Foxhunter likes this.
     
    07-03-2012, 08:50 AM
  #4
Weanling
Yes, its the Clyde X mare. Did you see the ad? I may have been hasty to call her cresty, she may just have a fat neck. I've been doing some internet research (which is funny because I always tell my clients not to do that) and I've seen a lot of cresty neck pictures and hers isnt that bad in comparison. She does have the fat deposits over her body though...
     
    07-03-2012, 09:16 AM
  #5
Yearling
I missed the ad. I think drafts are at risk for EMS a little more than the hot-blooded horses - and if that guy wasn't feeding her a TON then I don't see how she'd get all those fat deposits. Even with a "kind of" cresty neck, I'd still want the vet to look into the EMS at a PPE...
     
    07-03-2012, 09:22 AM
  #6
Weanling
I want to say he told me he was feeding 12lbs a day of 12%. Swears she was near underweight when he got her. Whatever. I have a hard time trusting people. Do you happen to know what all is involved with testing for EMS?

Heres the ad btw
Clydesdale Cross
     
    07-03-2012, 09:30 AM
  #7
Yearling
She doesn't look super cresty to me. A little, maybe, but those drafts are kind of cresty naturally, so that could just be the Clyde coming through.

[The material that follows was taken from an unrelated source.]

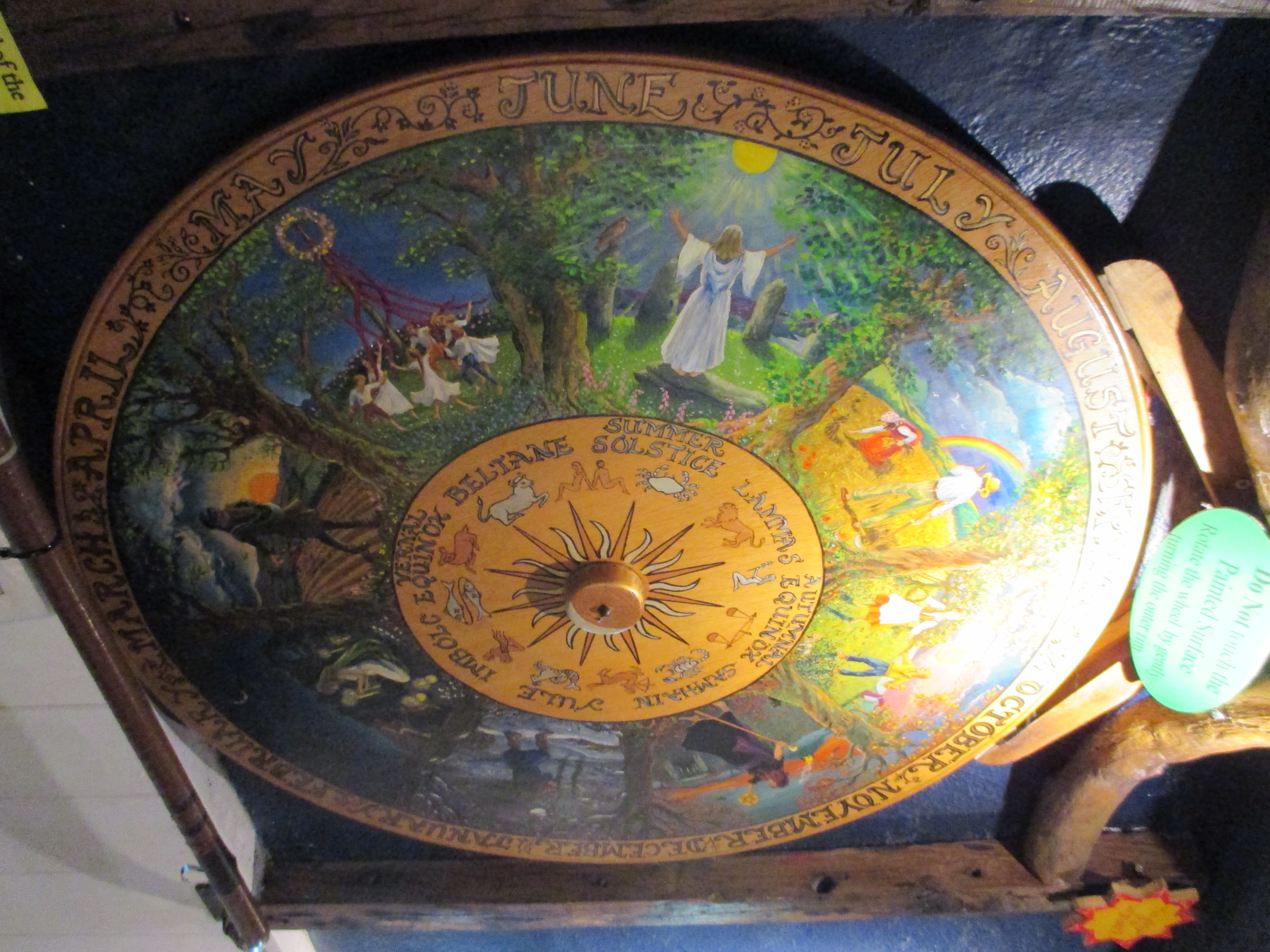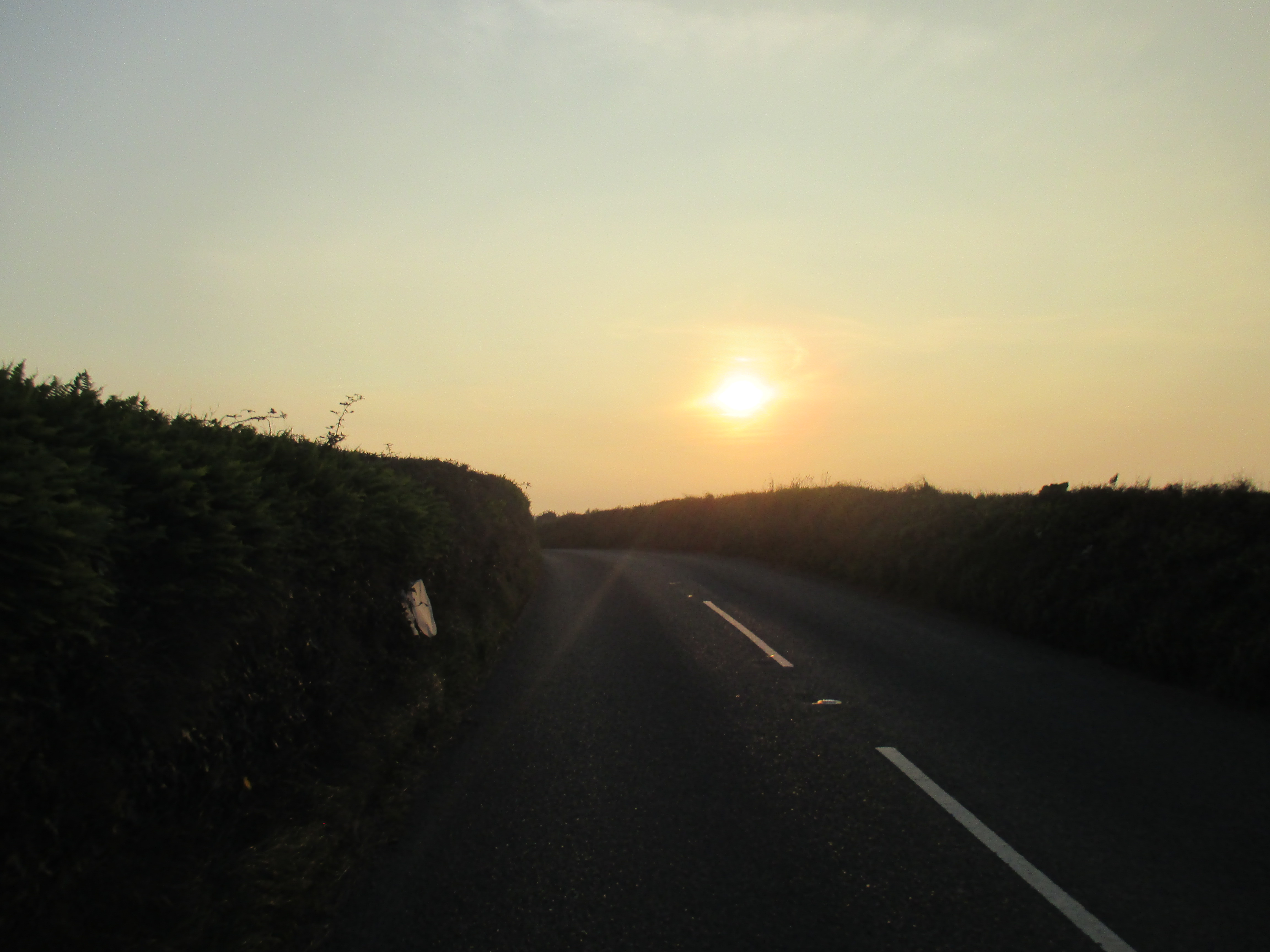 I leave Tintagel and cycle through the most beautiful of countryside, glorious and light. The sun is setting in the skies ahead of me, providing me with the light, heat and inspiration to continue. I recall the exhibits of the Witchcraft museum, and the standing stones I’ve passed and slept by, the stained glass of the cathedrals, and the solar and lunar rituals of Judaism and Islam. It’s not just paganism, but in so many belief systems there’s worship of the sun directly or indirectly. Consider Stonehenge and its alignment of the solstices, and those great festivals one can imagine in ancient times. Look beyond the face value of the claims of those belief systems. Behind the rituals around fertility, spring or harvest, these events inscribed pleasure and play into human lives that were regularly rocked by deaths, deprivation and uncertainty.

I don't know exactly what's involved in EMS testing - probably blood tests looking for raised insulin/blood sugars would be my guess.

I had a crash course in this stuff because when the horse that is now mine came into the barn for the lesson program (he wasn't mine then, but I was considering making him so) he had a thick wavy coat and went through vast amounts of water. I have to keep two water buckets in his stall for over-night, even now. We thought he might have Cushing's and got him tested for that. He came up negative, and then his weird coat fell out and didn't come back, so it looks like that was just from the neglect he'd been undergoing before he came into the barn. And he just goes through a lot of water. I paid an extra $150 for a comprehensive panel of blood tests at the PPE just in case though. They didn't turn up anything weird, and now I have a good set of reference points in case he gets sick later.

What I'm curious about is why the heck this guy kept feeding her like a pig when she was already fat...it's not cheap to do that!
     
    07-03-2012, 09:39 AM
  #8
Green Broke
I don't think she looks cresty either. She looks like a really nice mare.

How old is she? I like her a lot. If she were a he, I might have called that number. I like what I see of her feet, those Clydes have really rotten hooves, hers look nice.

It is usually the buyers $$ for thr PPE. She is nice!
EmilyJoy and hemms like this.
     
    07-03-2012, 09:53 AM
  #9
Weanling
Shes between 5-7. I had another Clyde X mare that had excellent feet...never heard of them having problems before.

So it sounds the overall consensus is that no matter what is found on the PPE, its at my cost.
     
    07-03-2012, 10:05 AM
  #10
Green Broke
I would spend the $$ to do the PPE. I hope she is all you want.
I never had a Clyde X, but every Clyde I ever had had Hooves like rotten tree trunks.